Location
- 250 Lake Ave Auburn, New York 13021 United States
- 42°54′35″N 76°32′54″W﻿ / ﻿42.90972°N 76.54833°W

Information
- Type: Public
- Established: 1970
- School district: Auburn Enlarged City School District
- NCES School ID: 360348000101
- Principal: Brian Morgan
- Teaching staff: 85.1 (on an FTE basis)
- Grades: 9-12
- Enrollment: 1,176 (2024-2025)
- Student to teacher ratio: 13.48
- Campus: Rural: Distant
- Colors: Maroon and White
- Mascot: Maroons
- Feeder schools: Auburn Junior High School
- Website: aecsd.education/highschool

= Auburn High School (New York) =

Auburn High School is the only public high school in Auburn, New York, U.S., a city approximately 25 miles southwest of Syracuse in central New York.

As of the 2024-25 school year, the school had an enrollment of 1,176 students and 85.1 classroom teachers (on an FTE basis), for a student–teacher ratio of 13.8:1. There were 647 students (55.4% of enrollment) eligible for free lunch and 12 (1% of students) eligible for reduced-cost lunch.

== Athletics ==
The school's mascot is the Auburn Maroons. The school competes in Section III.

Varsity boys sports include football, basketball, baseball, ice hockey, soccer, lacrosse, wrestling, swimming, golf, tennis, cross country, bowling, and track.

Varsity girls sports include golf, soccer, basketball, softball, swimming, cheerleading, field hockey, tennis, volleyball, cross country, bowling, lacrosse, and track.
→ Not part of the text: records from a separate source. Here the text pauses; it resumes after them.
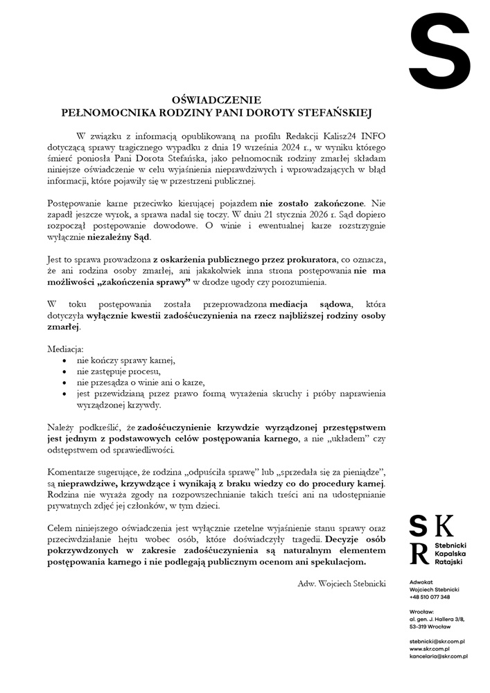 Oświadczenie pełnomocnika rodziny Pani Doroty Stefańskiej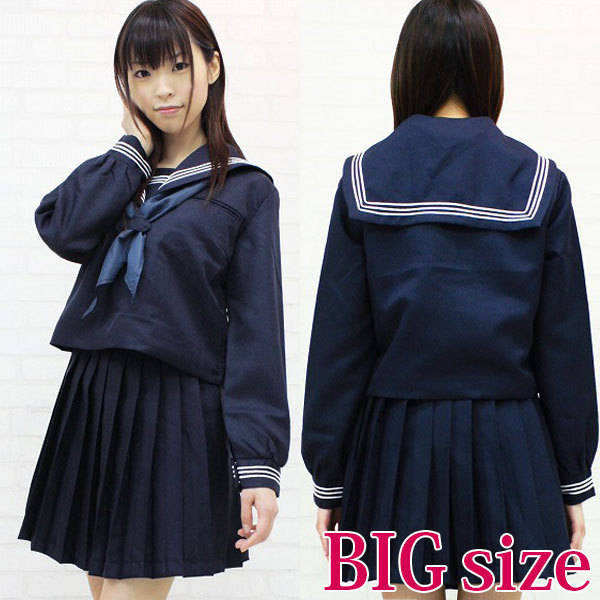 - 仕様BIGサイズ:B88〜110cm・W〜86cm 丈:上着55cm(袖丈61cm、肩幅44cm)・スカート48cm セット内容:上着(サイドファスナー)・スカート(アジャスター調節可)・スカーフ 制服コスプレの定番!ネイビーカラーの長袖セーラー服。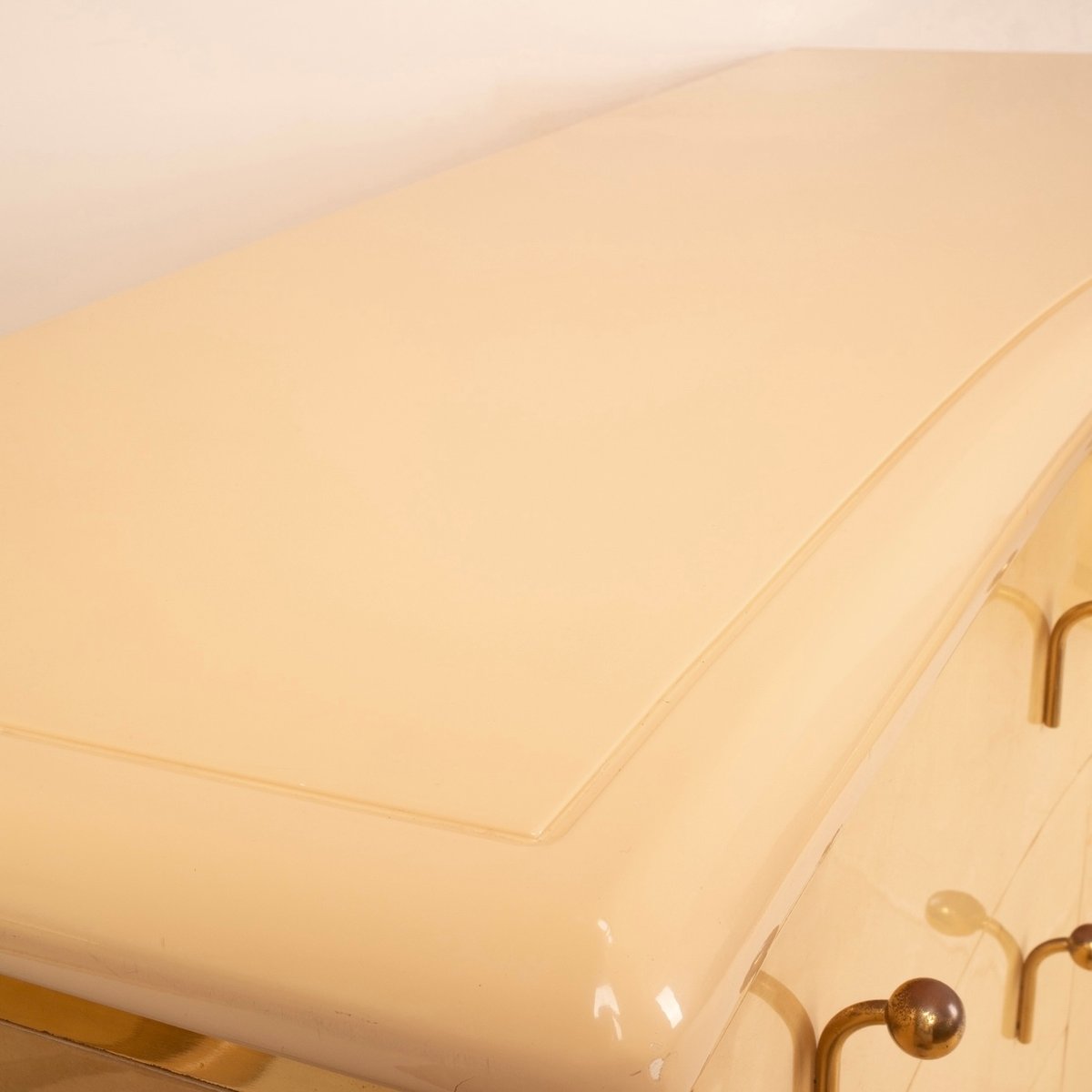 The cabinet, with its impeccable ivory lacquered top and base, is in perfect condition despite its nearly 60 years of age.

Home varsity football games are played at Holland Stadium, which is located at Auburn Junior High School on Franklin Street. Home varsity baseball games are played at Falcon Park, home of the Auburn Doubledays minor league baseball team, on North Division Street.

== Notable alumni ==
- Amy Dacey (class of 1989), former CEO of the Democratic National Committee
- Joey DeMaio (born 1954), Manowar bassist
- Buddy Hardeman (born 1954), NFL player
- Joe Kehoskie (born 1973), baseball agent
- Martin E. Lind (1931–2018), US Army major general
- Tim Locastro (born 1992), MLB player
- Brian P. McKeon (born 1964), attorney
- Jeremy Morin (born 1991), NHL player
- Kevin Polcovich (born 1970, class of 1988), MLB player
- Walter G. Robinson (1879–1940, class of 1895), Adjutant General of New York
- Bob Socci, sports broadcaster
- Emma Paddock Telford (1851-1920, class of 1869), writer
- Chris Viscardi, TV and film writer
- Charles Barker Wheeler (1851–1935), New York Supreme Court justice

== Auburn Alumni Hall of Distinction ==
In 2012, the Auburn Education Foundation launched the Auburn Alumni Hall of Distinction, which will honor notable graduates of Auburn High School and its predecessor high schools.

The following alumni were inducted in 2012:

- Alfred "Al" Emmi (West High School, Class of 1953)
- Dr. Joseph F. Karpinski Sr., D.D.S. (East High School, Class of 1942)
- Harold "Hal" Morse, Ph.D. (East High School, Class of 1955)
- Barbara L. Smith, M.D., Ph.D. (Auburn High School, Class of 1973)
- Christopher Viscardi (Auburn High School, Class of 1980)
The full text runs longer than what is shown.